Diamond: unfair and unfounded to say I was not candid
BOB Diamond yesterday accused the Treasury select committee of tarnishing his reputation as the Libor scandal surrounding the bank he once ran continues to unfold.
In a letter to chairman Andrew Tyrie, the former Barclays boss expressed “dismay” at the suggestion that he was “less than candid with the committee last week,” calling the implication “totally unfair and unfounded”.
MPs’ comments that evidence from Diamond and Barclays chairman Marcus Agius did not match up “have had a terribly unfair impact upon my reputation, which is of paramount concern to me,” added Diamond.
Diamond’s fightback comes as it emerged shareholders in Barclays have expressed their concern at the involvement of Bank of England governor Sir Mervyn King in the former chief executive’s departure, a banking analyst said yesterday.
“I know a number of shareholders in Barclays who are outraged at the role of the Bank of England,” Ian Gordon of Investec told City A.M. yesterday.

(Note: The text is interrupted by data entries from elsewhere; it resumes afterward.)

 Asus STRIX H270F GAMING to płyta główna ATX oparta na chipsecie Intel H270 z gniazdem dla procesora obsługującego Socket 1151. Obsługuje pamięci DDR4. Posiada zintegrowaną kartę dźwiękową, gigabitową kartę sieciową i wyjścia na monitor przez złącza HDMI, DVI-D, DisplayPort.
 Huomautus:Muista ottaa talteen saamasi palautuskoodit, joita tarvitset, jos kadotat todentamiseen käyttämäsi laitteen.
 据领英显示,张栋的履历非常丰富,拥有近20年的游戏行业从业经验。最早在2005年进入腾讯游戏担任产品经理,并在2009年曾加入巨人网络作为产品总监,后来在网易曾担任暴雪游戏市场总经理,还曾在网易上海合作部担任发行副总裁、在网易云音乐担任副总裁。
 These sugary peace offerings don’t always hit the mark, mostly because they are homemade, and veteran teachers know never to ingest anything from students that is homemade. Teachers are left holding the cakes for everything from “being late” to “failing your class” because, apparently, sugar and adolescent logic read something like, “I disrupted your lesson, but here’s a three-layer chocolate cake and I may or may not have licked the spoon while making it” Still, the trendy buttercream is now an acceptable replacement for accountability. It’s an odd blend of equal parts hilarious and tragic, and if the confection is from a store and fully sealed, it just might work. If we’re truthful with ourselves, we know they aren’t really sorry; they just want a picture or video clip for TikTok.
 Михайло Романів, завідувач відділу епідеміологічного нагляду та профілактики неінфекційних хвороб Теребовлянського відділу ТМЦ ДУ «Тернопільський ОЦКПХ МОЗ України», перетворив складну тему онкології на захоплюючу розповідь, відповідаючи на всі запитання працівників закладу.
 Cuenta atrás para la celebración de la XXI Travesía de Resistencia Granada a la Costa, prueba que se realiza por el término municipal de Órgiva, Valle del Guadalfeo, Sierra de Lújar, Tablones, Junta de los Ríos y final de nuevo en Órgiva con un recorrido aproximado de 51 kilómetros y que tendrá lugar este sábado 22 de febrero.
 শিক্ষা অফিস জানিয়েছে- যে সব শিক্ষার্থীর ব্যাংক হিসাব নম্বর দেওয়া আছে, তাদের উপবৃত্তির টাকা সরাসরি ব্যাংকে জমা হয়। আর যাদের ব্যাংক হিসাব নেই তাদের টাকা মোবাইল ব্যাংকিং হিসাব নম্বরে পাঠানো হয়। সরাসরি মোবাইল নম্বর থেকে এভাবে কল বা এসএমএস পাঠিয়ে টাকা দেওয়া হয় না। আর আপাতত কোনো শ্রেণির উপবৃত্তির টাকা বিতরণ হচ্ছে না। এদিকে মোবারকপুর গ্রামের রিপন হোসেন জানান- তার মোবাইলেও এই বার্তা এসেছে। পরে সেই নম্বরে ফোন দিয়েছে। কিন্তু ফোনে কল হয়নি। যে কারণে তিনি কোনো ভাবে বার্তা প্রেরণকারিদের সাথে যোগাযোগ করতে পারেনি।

“The majority of shareholders were behind Bob Diamond after the Libor report was first published and both the FSA report and the US authorities congratulated Barclays on its openness and thoroughness and exonerated senior members of the management.”

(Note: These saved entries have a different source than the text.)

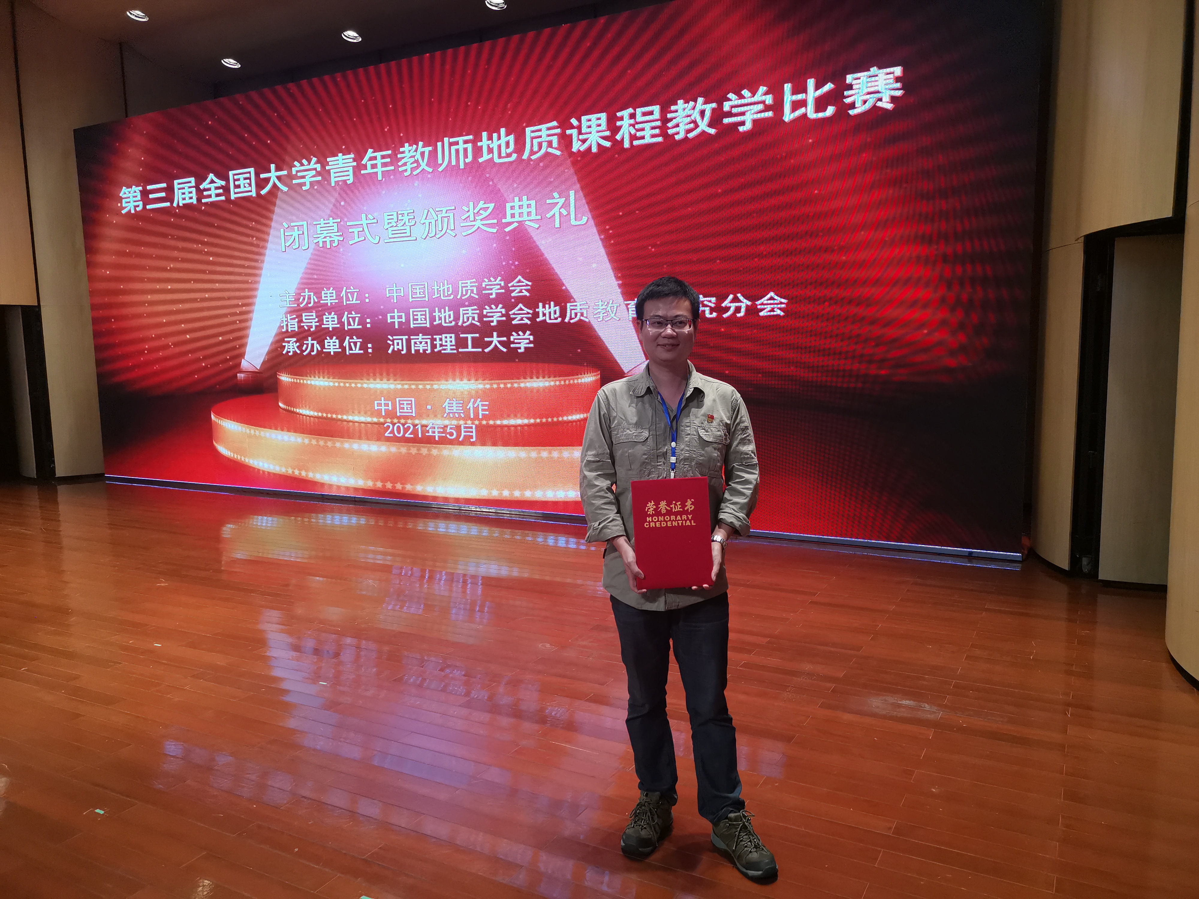 5月15至16日,由中国地质学会主办,中国地质学会地质教育研究分会、河南理工大学承办的第三届全国大学青年教师地质课程教学比赛在河南理工大学举行,代表果冻传媒 参赛的果冻传媒 教师林木森表现优异,荣获一等奖,实现了果冻传媒 教师在此项赛事中的突破,为果冻传媒 争得了荣誉。我校亦获评“优秀组织奖”。
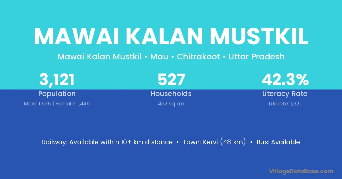 Mawai Kalan Mustkil village has a total population of 3,121 people, of which 1,675 are males and 1,446 are females.
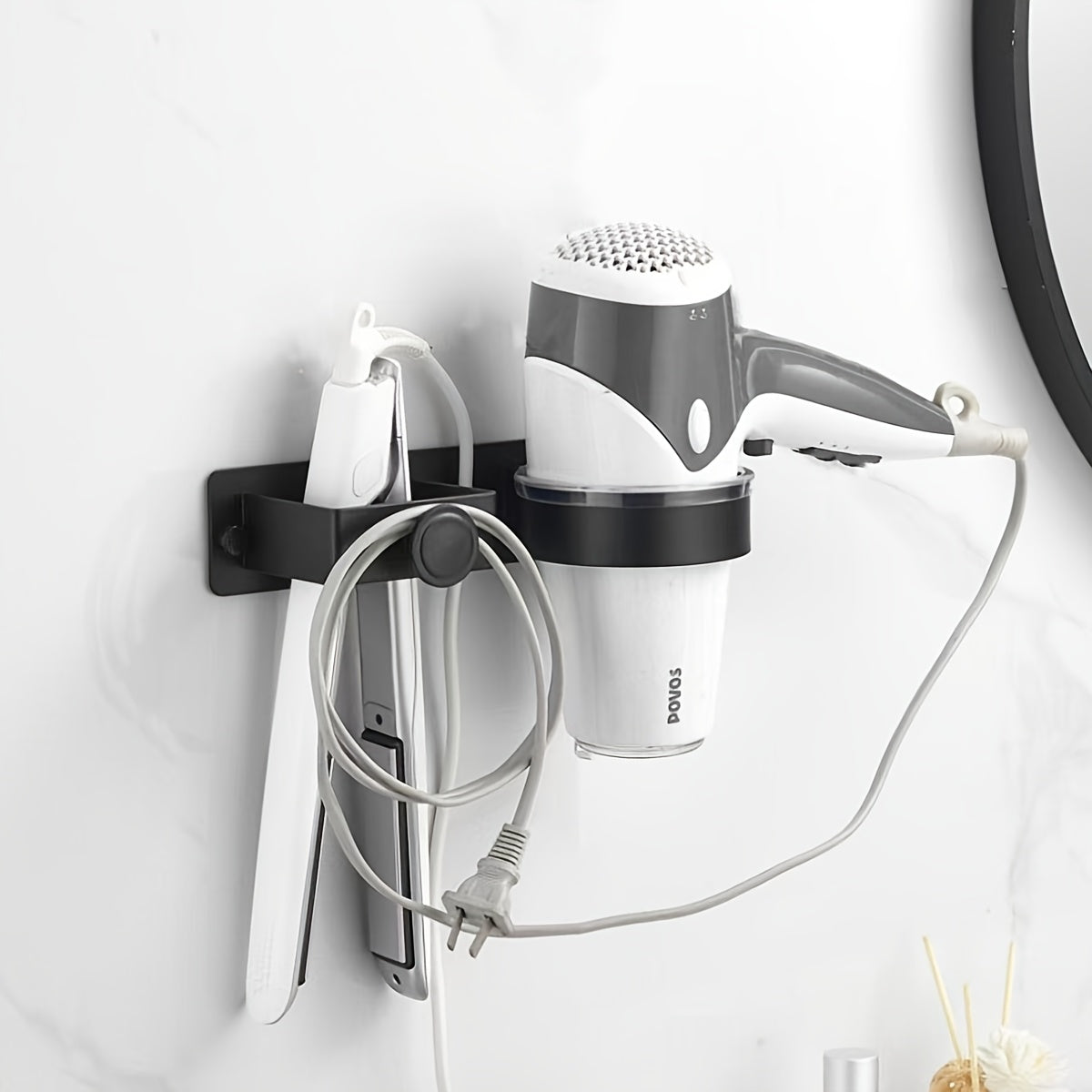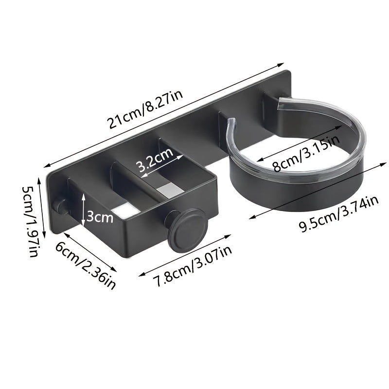 Черный алюминиевый настенный держатель для фена с крючками для ванной или парикмахерской
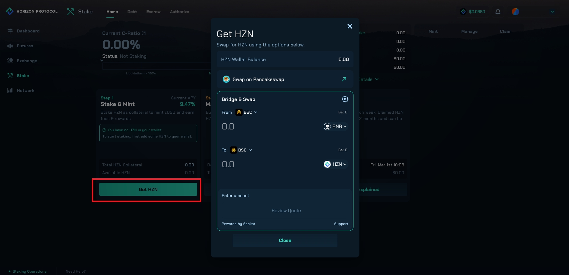 Alternatively, you can also swap other tokens for HZN through our integrated bridge (powered by Socket). You will find all the options available by clicking on the "Get HZN" button on the staking page.
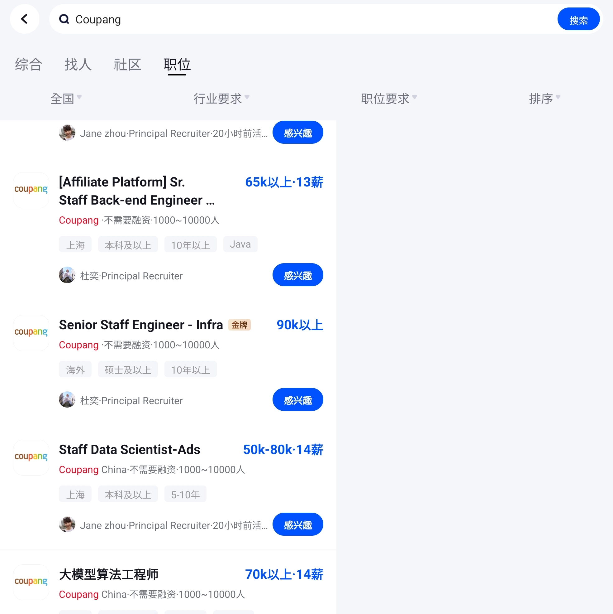 쿠팡 엔지니어 뽑는 중국 채용 사이트 “996없고, 근무강도 낮아”
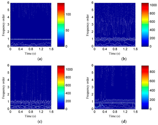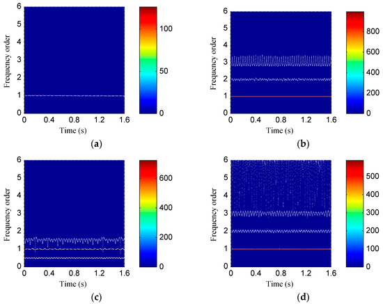 The ISSD-HT time–frequency spectrum of (a) Normal state; (b) rubbing state; (c) oil film whirl state; (d) imbalance state.
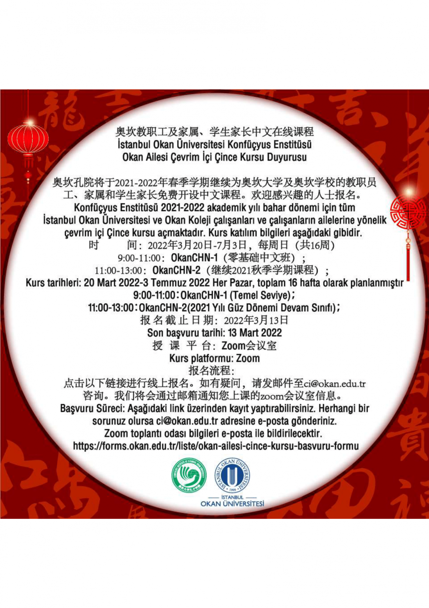 2021-2022 Okan ailesi bahar dönemi Çince Kursu
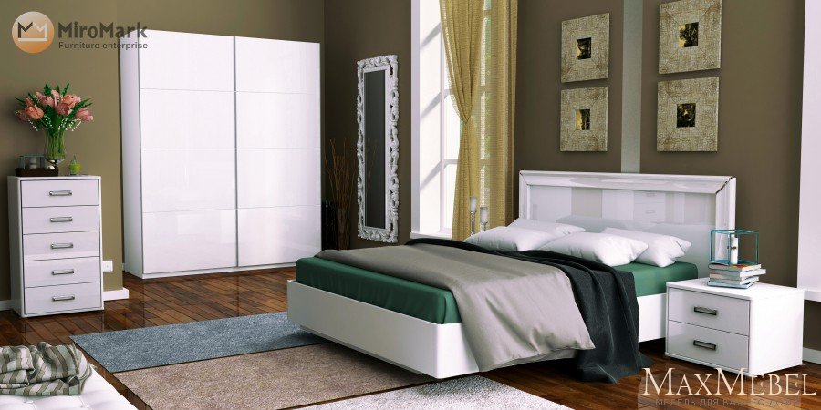 Составные элементы Белла Спальня 1:Кровать 1,6х2,0(каркас) | Глянец белый

“The messages from the regulators have been inconsistent and in the end they played to the gallery,” said Gordon. “Bob Diamond’s removal was popular so they asked for it. It is a pretty shameful state of affairs.”
Agius confirmed yesterday that he had been summoned by King to a meeting at which the removal of Diamond was requested on the grounds that regulators had lost confidence in him.